• **Exercise details**
Could you transcribe every record below exactly, leaving out the pictures?

• **Records supplied**

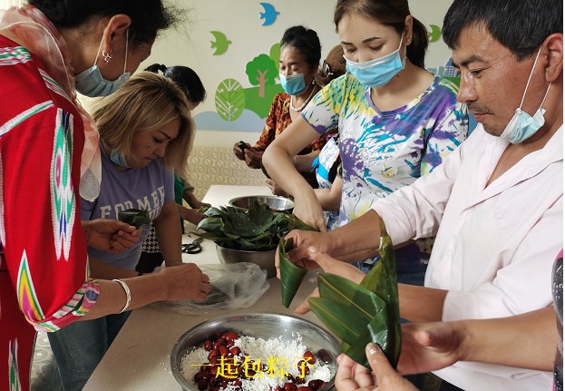 先是开展知识竞赛活动,人社局干部与社区居民们踊跃参加,为7名获胜者颁发了奖品。活动结束后, 就在社区活动室摆上了长条桌和各种用具,组织包粽子活动。人社局准备好了糯米、粽叶、枣子及葡萄干等辅料,附近餐厅的居民准备好了蒸锅。大家分工负责,相互学习,在其乐融融中享受合作的乐趣,感受民族大家庭的温暖。
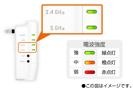 本体側面のランプ表示によって、親機との電波強度を「強(緑点灯)」、「中(橙点灯)」、「弱(赤点灯)」の3段階でお知らせ。使用している電波の強度を見ながら、中継に適した設置場所が探せます。
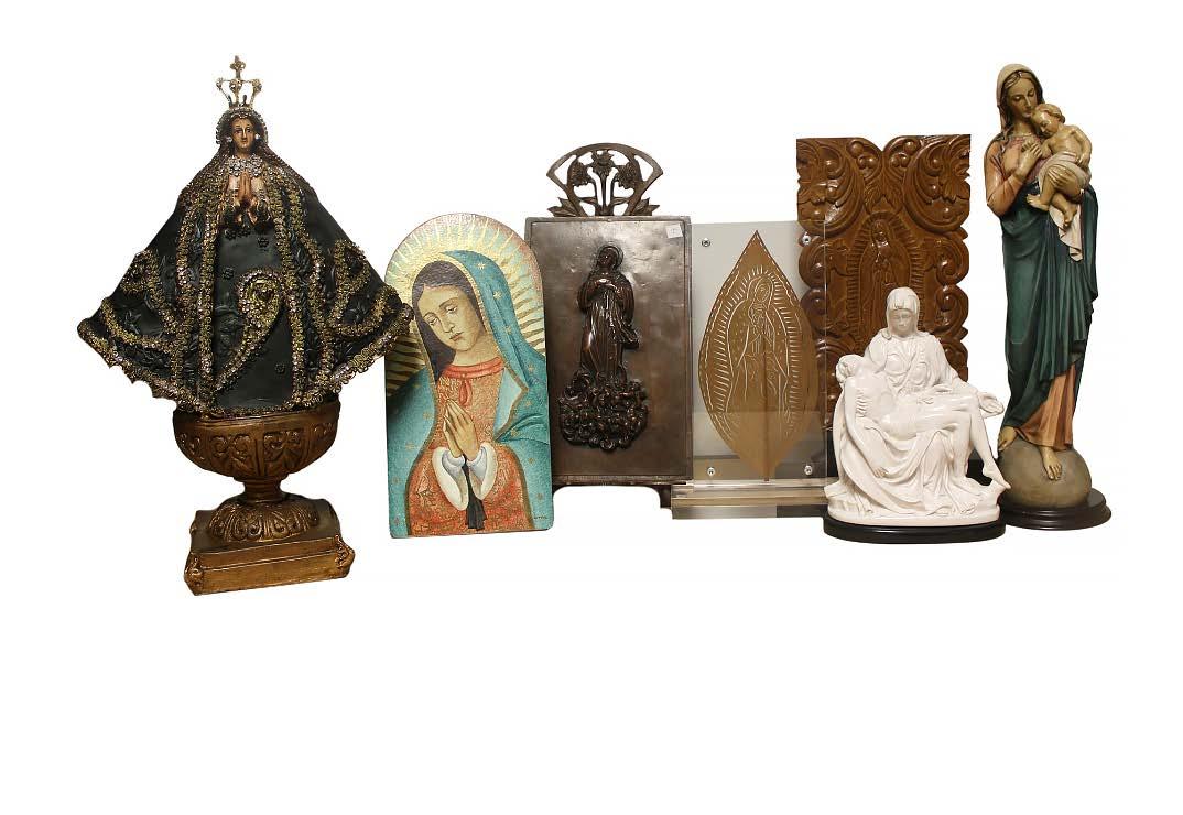 Virgen de Guadalupe. Elaborada en bronce dorado sobre base de madera. Cuenta con certificado de autenticidad. Firmada 2001.
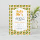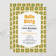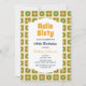 Flor de margarita retro verde y amarillo en caja de cuadros patrón Invitación de cumpleaños.
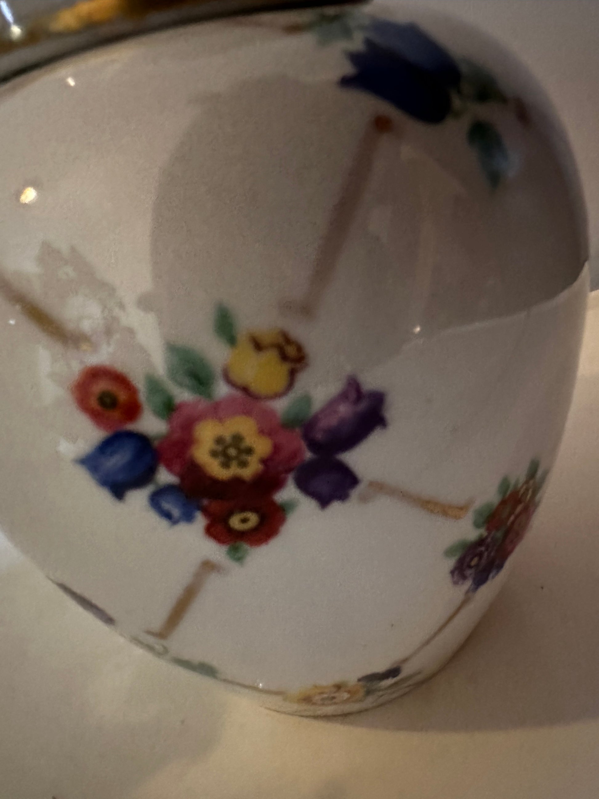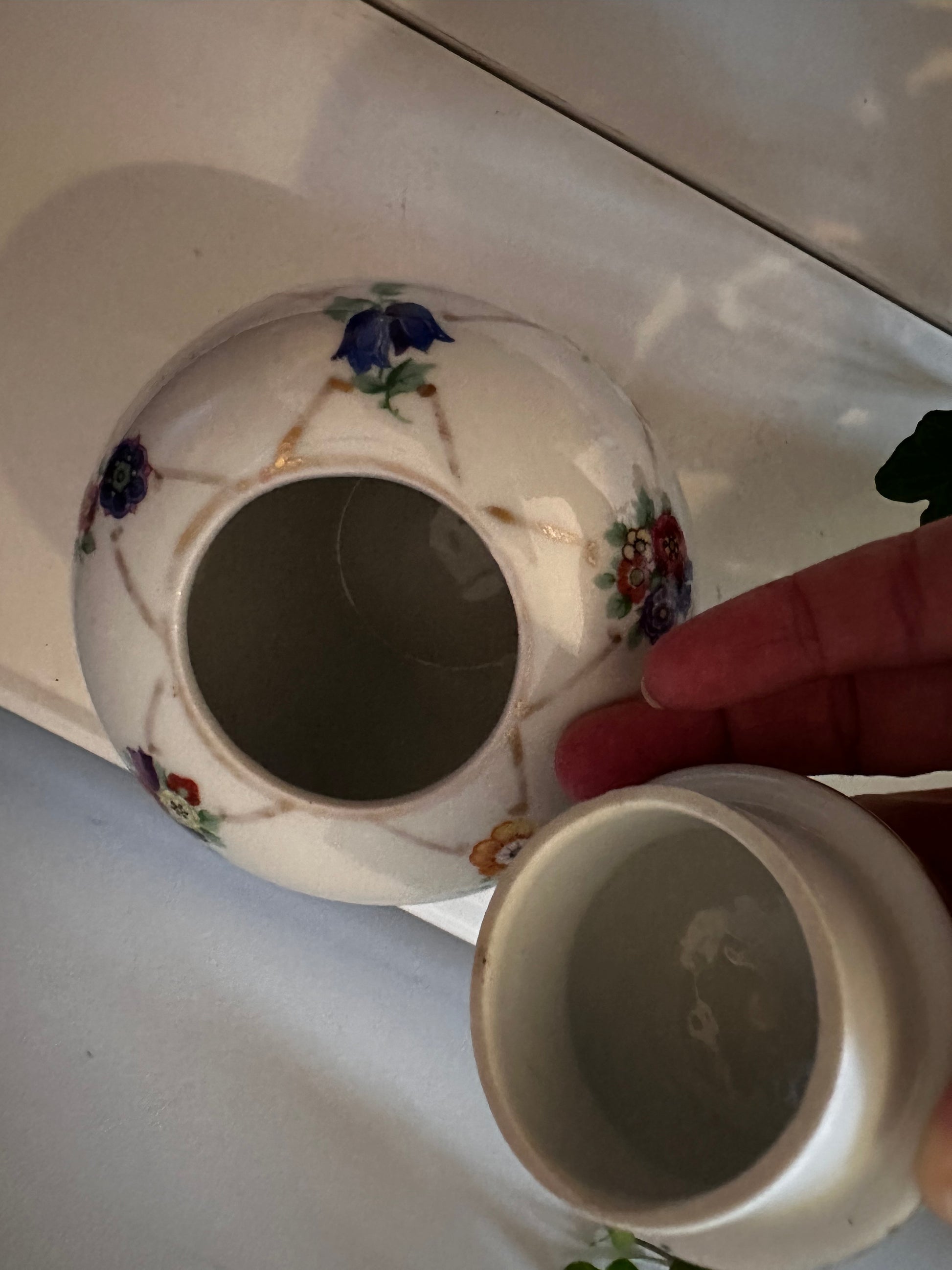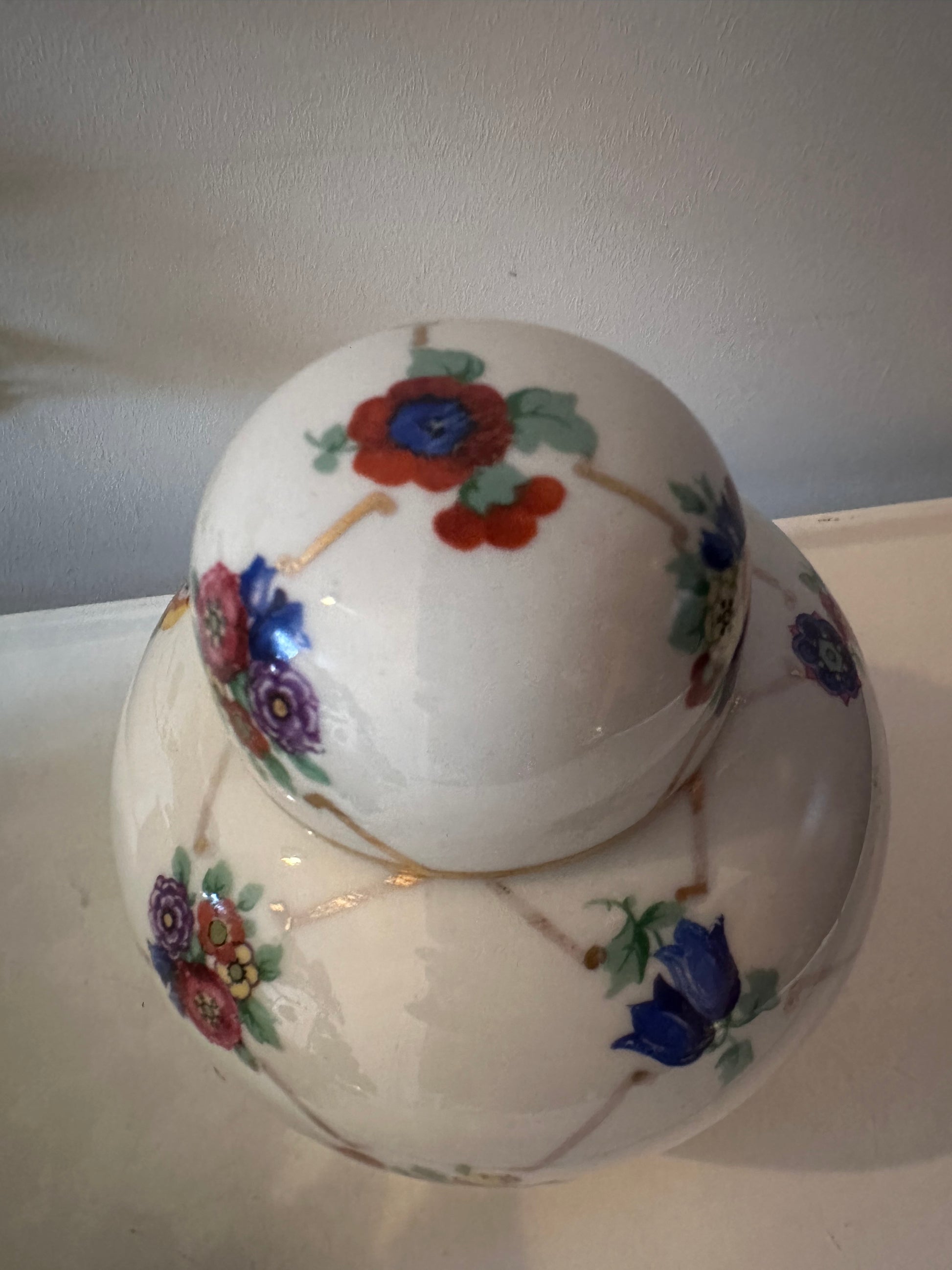 Een beauty van een dekselvaasje. Dit porseleinen vaasje is in een mooie vintage staat. Heeft romantische bloemetjes als decoratie met een goudkleurig streepje als afwerking

• **Finished task**
 先是开展知识竞赛活动,人社局干部与社区居民们踊跃参加,为7名获胜者颁发了奖品。活动结束后, 就在社区活动室摆上了长条桌和各种用具,组织包粽子活动。人社局准备好了糯米、粽叶、枣子及葡萄干等辅料,附近餐厅的居民准备好了蒸锅。大家分工负责,相互学习,在其乐融融中享受合作的乐趣,感受民族大家庭的温暖。
 本体側面のランプ表示によって、親機との電波強度を「強(緑点灯)」、「中(橙点灯)」、「弱(赤点灯)」の3段階でお知らせ。使用している電波の強度を見ながら、中継に適した設置場所が探せます。
 Virgen de Guadalupe. Elaborada en bronce dorado sobre base de madera. Cuenta con certificado de autenticidad. Firmada 2001.
 Flor de margarita retro verde y amarillo en caja de cuadros patrón Invitación de cumpleaños.
 Een beauty van een dekselvaasje. Dit porseleinen vaasje is in een mooie vintage staat. Heeft romantische bloemetjes als decoratie met een goudkleurig streepje als afwerking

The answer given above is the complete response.